***** Material for the task

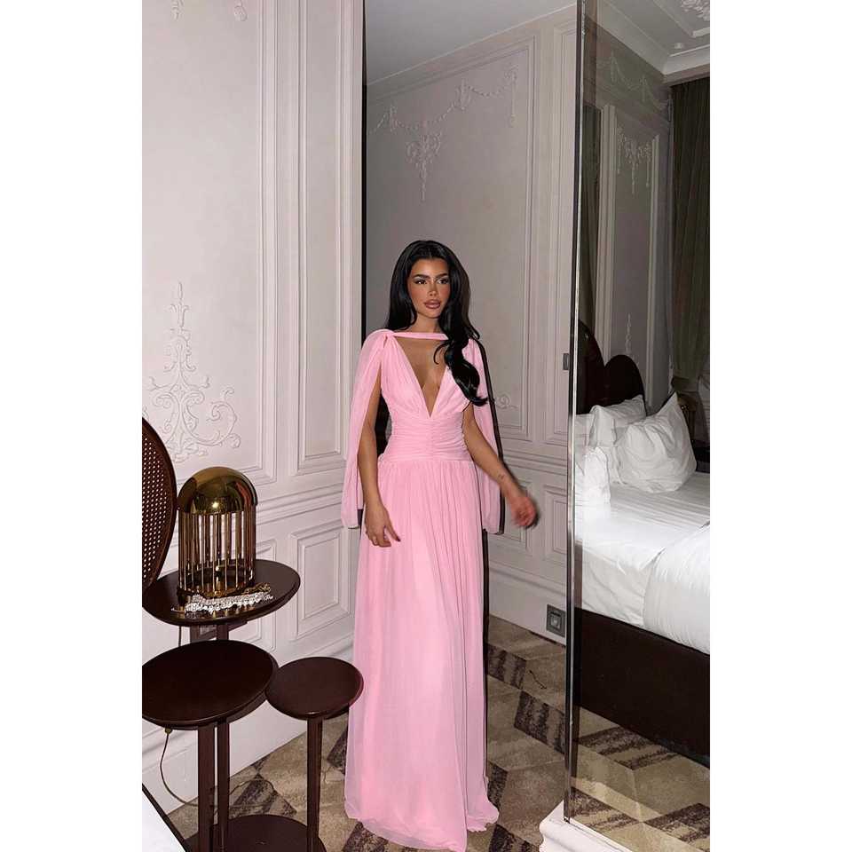 Robe de soirée de luxe rose coupe trapèze longue avec détails froncés, taille empire, ornée de sequins, de perles, de fleurs et de plumes, idéale pour une soirée romantique
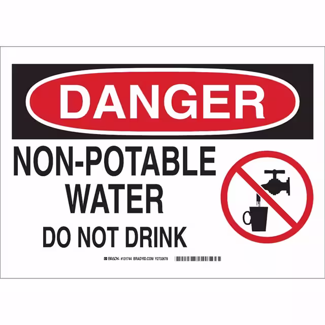 Brady® | Bulk | Active | Black and Red Legend, White Background | Danger | Fiberglass | Danger. Non-Potable Water Do Not Drink | 14.00" L x 10.00" W (355.6mm x 254.0mm) |
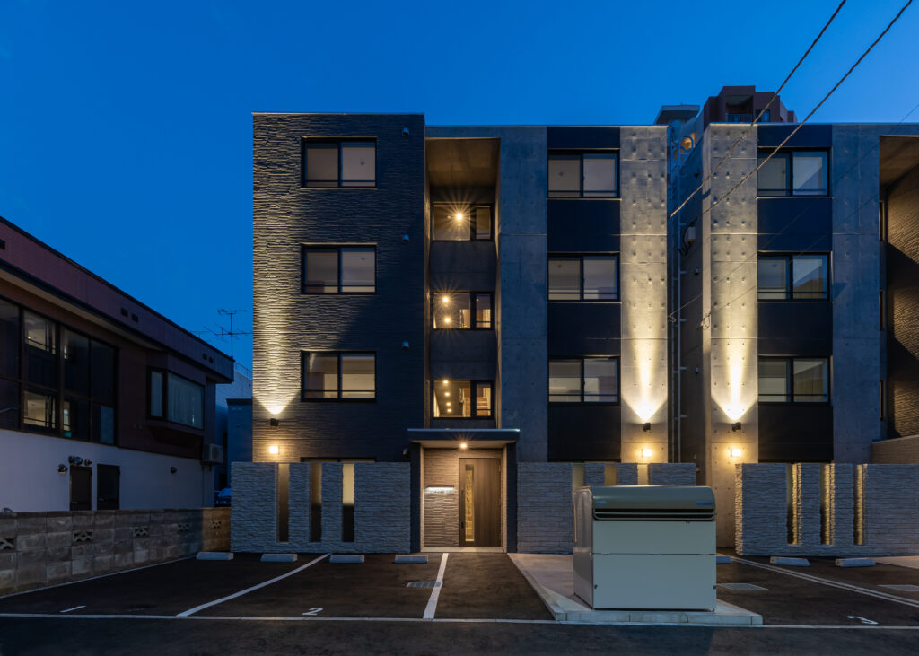 概要:集合住宅(27戸)所在地:札幌市中央区北8条西24丁目敷地面積:413.33㎡ / 延べ床面積:413.33㎡ / 竣工:2024年…
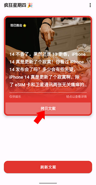 4、之后返回首页点击刷新文案并点击上方的拷贝文案即可
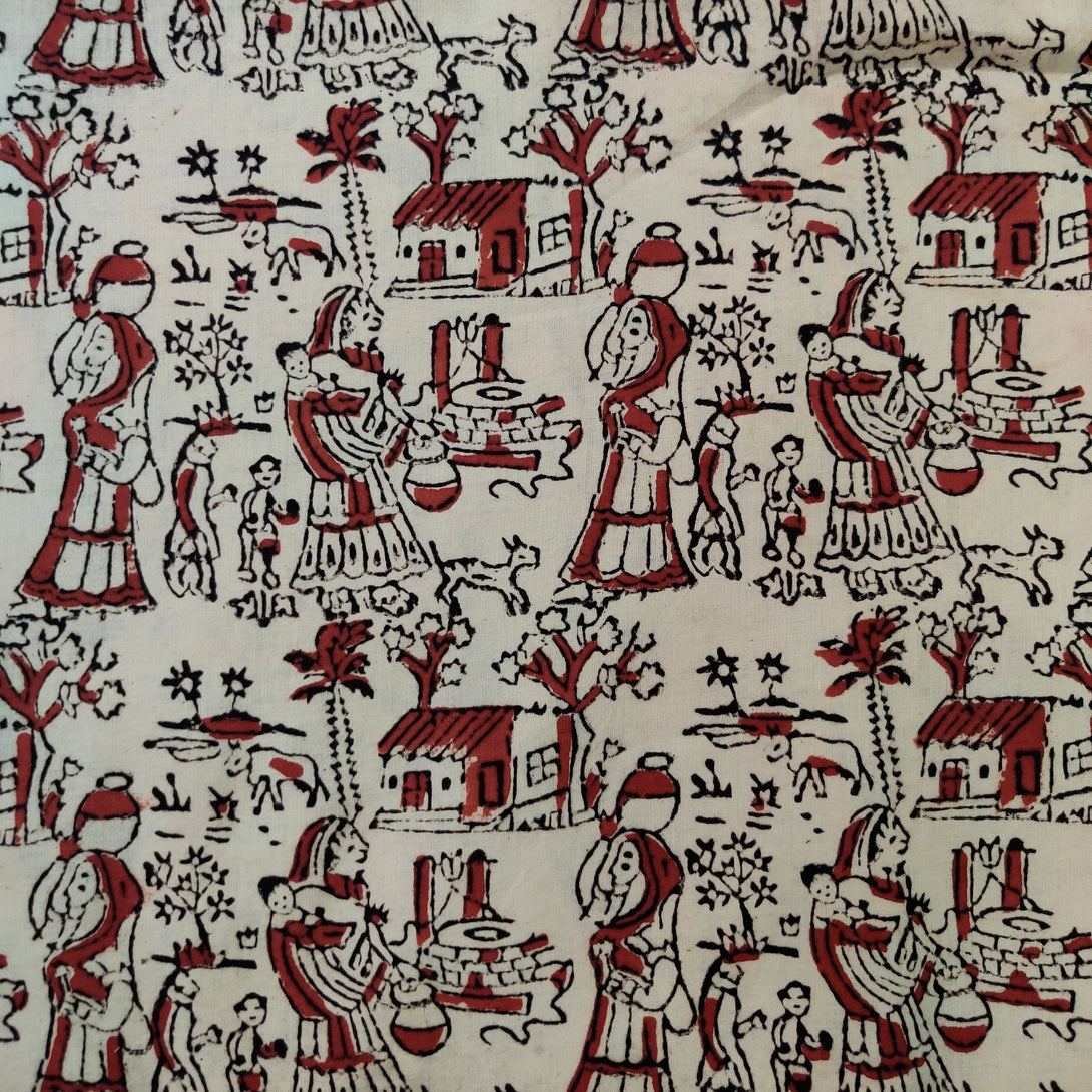 Precut ( 2 Meter ) Pure Cotton Dabu Bagru Jahota Cream With Village Women Hand Block Print Fabric
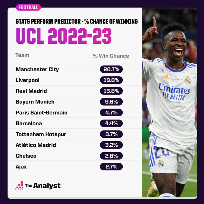 سایت «theanalyst» آماری در یک ارزیابی شانس اول تا دهم قهرمانی در لیگ قهرمانان اروپا 2022-2023 را معرفی کرد.
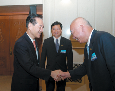 2005年7月8日,臺(tái)灣布袋港發(fā)展促進(jìn)會(huì)大陸訪問團(tuán)在北京拜會(huì)中國和平統(tǒng)一促進(jìn)會(huì),受到全國人大常委會(huì)副委員長、中國和平統(tǒng)一促進(jìn)會(huì)副會(huì)長韓啟德的親切會(huì)見。

**********

### Task directions
Beginning with the line that holds "را معرفی کرد." and continuing to the end of the entries above, set down each line exactly, both ends included; include no pictures.

### Solution to this exercise
 سایت «theanalyst» آماری در یک ارزیابی شانس اول تا دهم قهرمانی در لیگ قهرمانان اروپا 2022-2023 را معرفی کرد.
 2005年7月8日,臺(tái)灣布袋港發(fā)展促進(jìn)會(huì)大陸訪問團(tuán)在北京拜會(huì)中國和平統(tǒng)一促進(jìn)會(huì),受到全國人大常委會(huì)副委員長、中國和平統(tǒng)一促進(jìn)會(huì)副會(huì)長韓啟德的親切會(huì)見。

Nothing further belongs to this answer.